▸ EXTRACTED ENTRIES:
----------

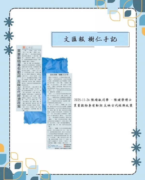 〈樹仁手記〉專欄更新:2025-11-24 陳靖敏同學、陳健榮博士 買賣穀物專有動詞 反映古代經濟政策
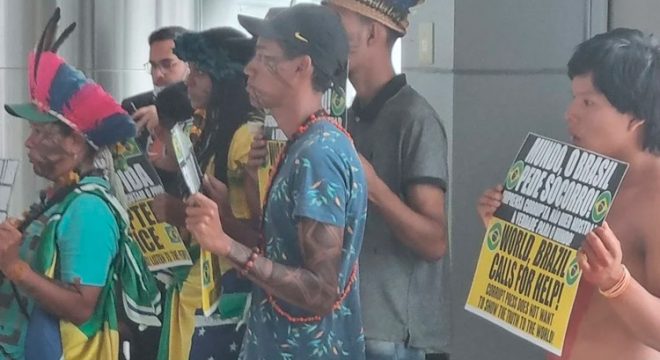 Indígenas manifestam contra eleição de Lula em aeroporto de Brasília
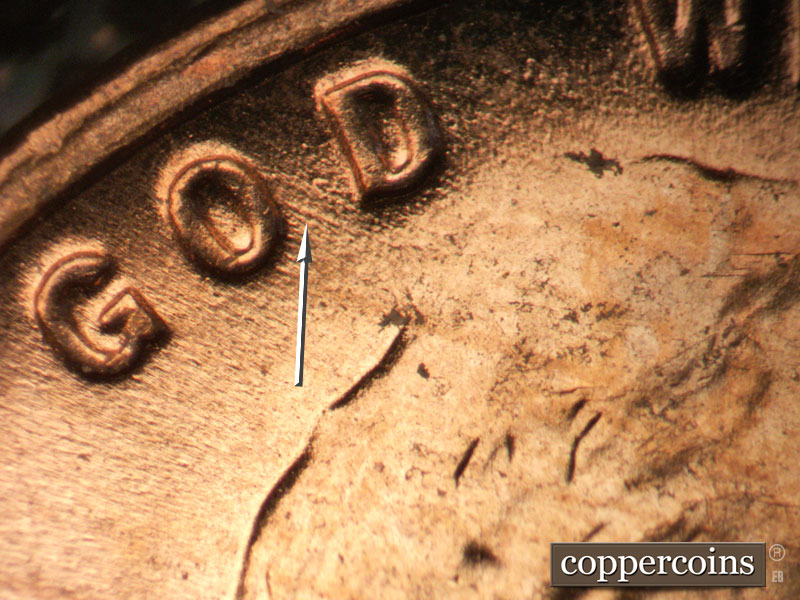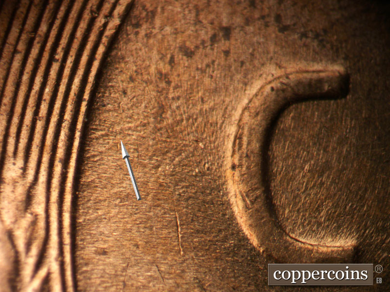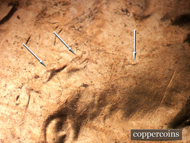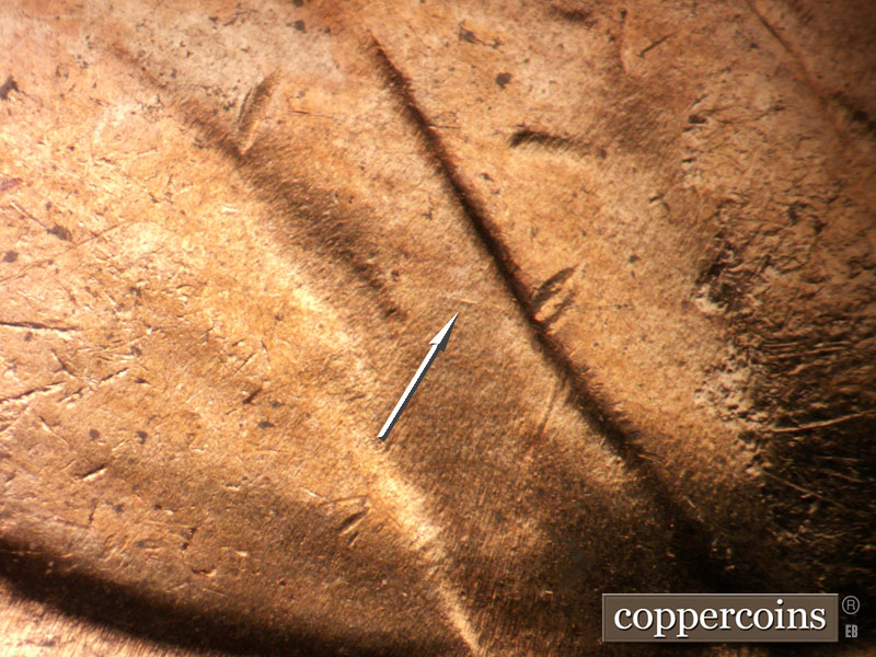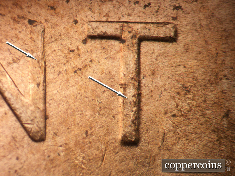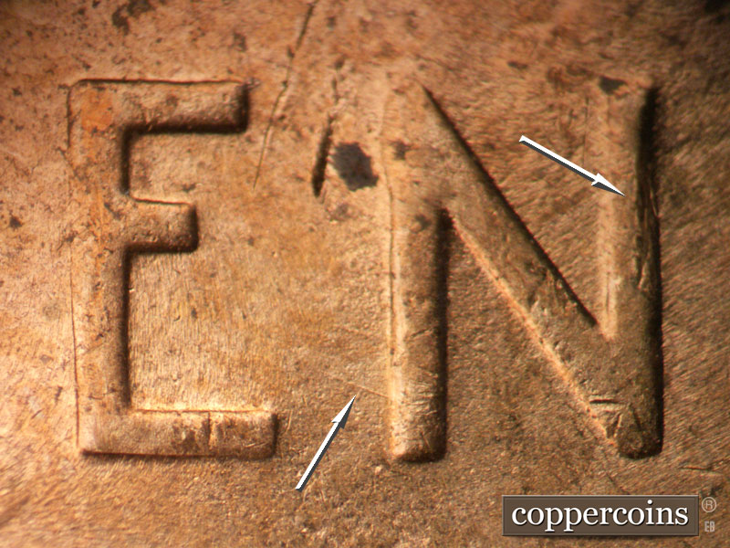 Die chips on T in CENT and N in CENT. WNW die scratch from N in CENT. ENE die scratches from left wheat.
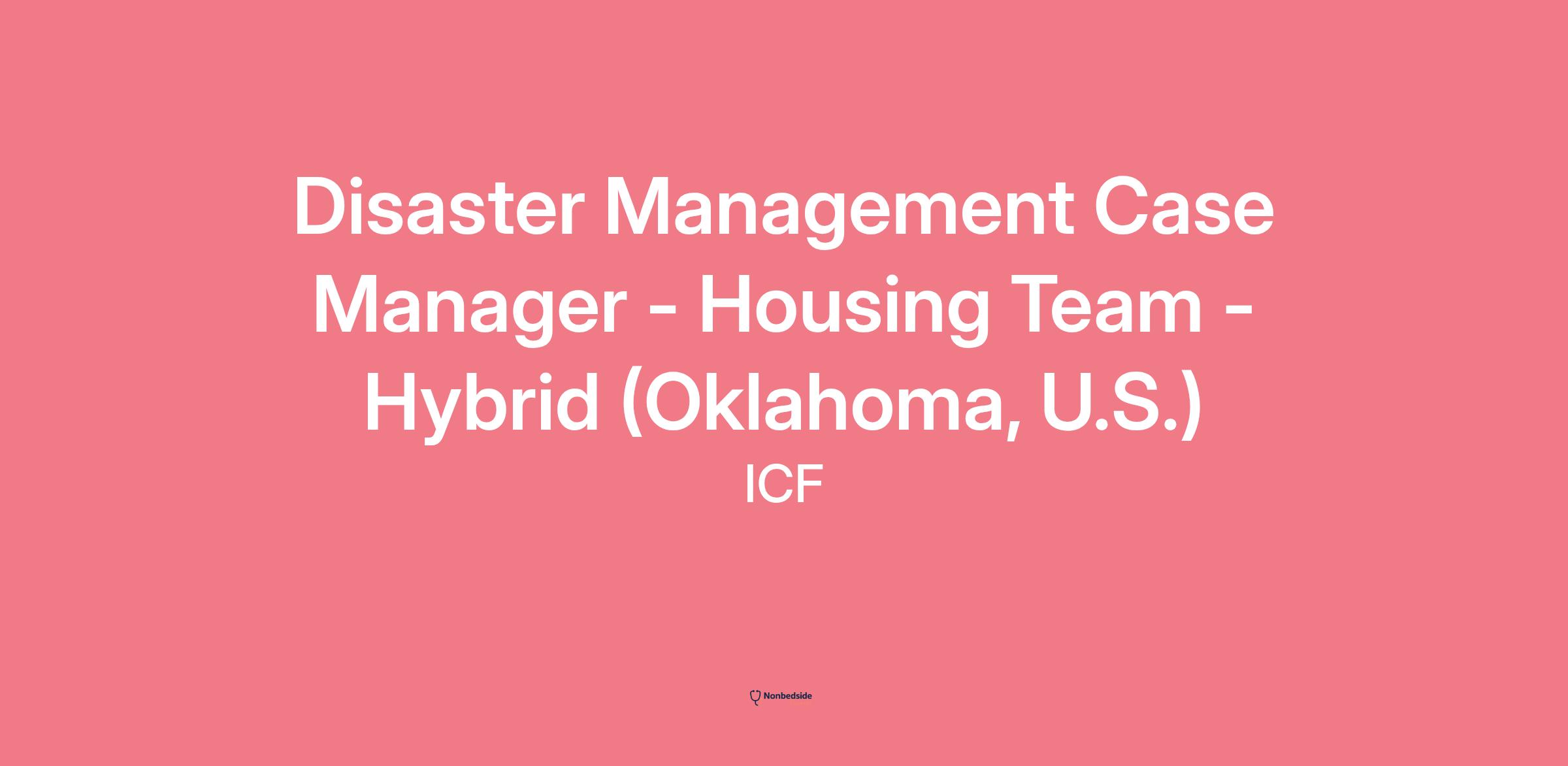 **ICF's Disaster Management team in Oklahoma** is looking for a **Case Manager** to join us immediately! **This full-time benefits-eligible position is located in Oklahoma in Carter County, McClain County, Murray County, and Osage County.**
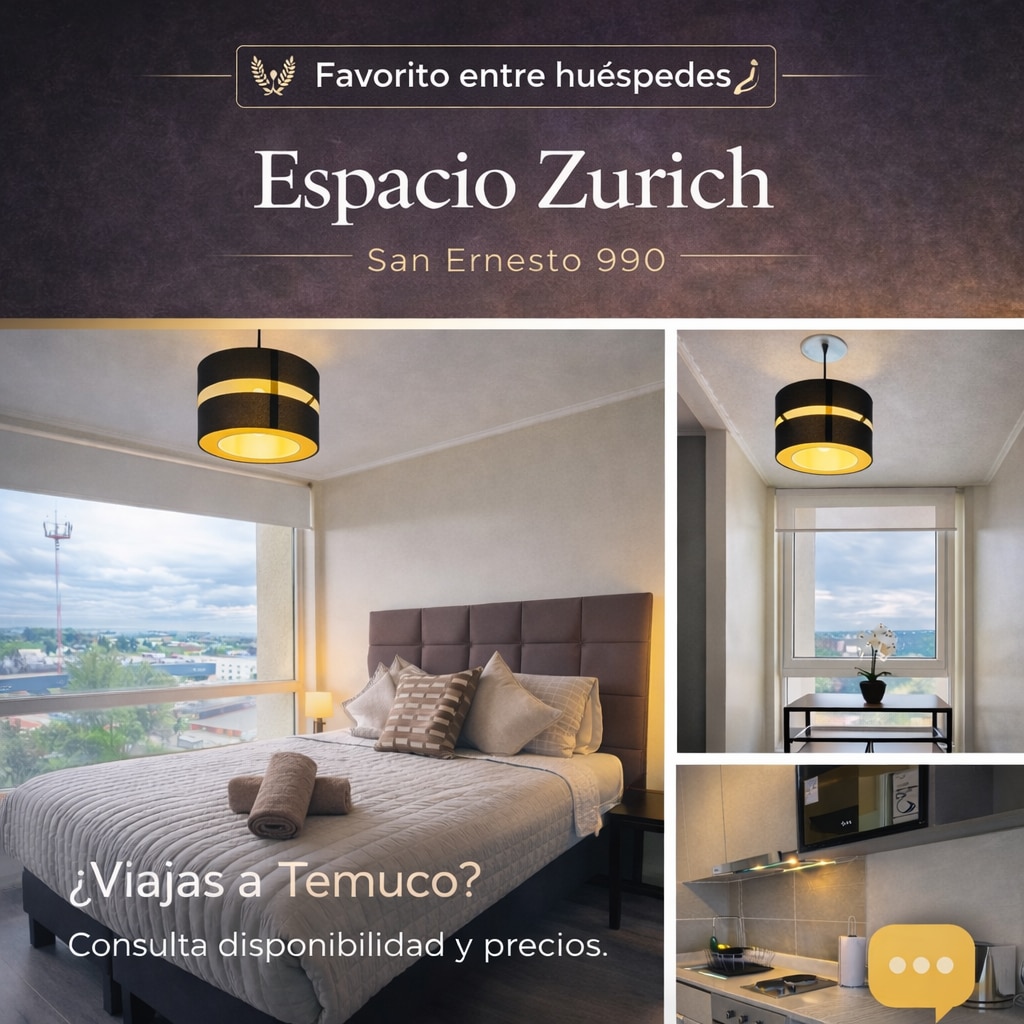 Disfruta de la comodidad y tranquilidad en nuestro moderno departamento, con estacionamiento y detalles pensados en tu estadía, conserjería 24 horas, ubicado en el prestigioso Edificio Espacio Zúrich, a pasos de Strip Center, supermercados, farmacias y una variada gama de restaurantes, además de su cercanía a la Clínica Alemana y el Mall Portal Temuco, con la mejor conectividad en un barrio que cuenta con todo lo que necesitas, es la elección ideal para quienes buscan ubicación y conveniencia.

----------

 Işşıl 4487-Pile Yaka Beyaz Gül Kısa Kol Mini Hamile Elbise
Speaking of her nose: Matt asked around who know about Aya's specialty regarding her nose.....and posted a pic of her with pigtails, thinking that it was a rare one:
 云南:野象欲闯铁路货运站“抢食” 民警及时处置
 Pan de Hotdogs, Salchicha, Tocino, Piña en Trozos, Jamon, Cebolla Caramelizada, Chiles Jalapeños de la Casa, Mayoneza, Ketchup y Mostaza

----------

▸ ASSIGNED TASK: Return only the stretch of the material above from the line holding "Işşıl 4487-Pile Yaka" through the line holding "Pan de Hotdogs, Salchicha, Tocino, Piña", copied exactly.

▸ ANSWER BOX:
 Işşıl 4487-Pile Yaka Beyaz Gül Kısa Kol Mini Hamile Elbise
Speaking of her nose: Matt asked around who know about Aya's specialty regarding her nose.....and posted a pic of her with pigtails, thinking that it was a rare one:
 云南:野象欲闯铁路货运站“抢食” 民警及时处置
 Pan de Hotdogs, Salchicha, Tocino, Piña en Trozos, Jamon, Cebolla Caramelizada, Chiles Jalapeños de la Casa, Mayoneza, Ketchup y Mostaza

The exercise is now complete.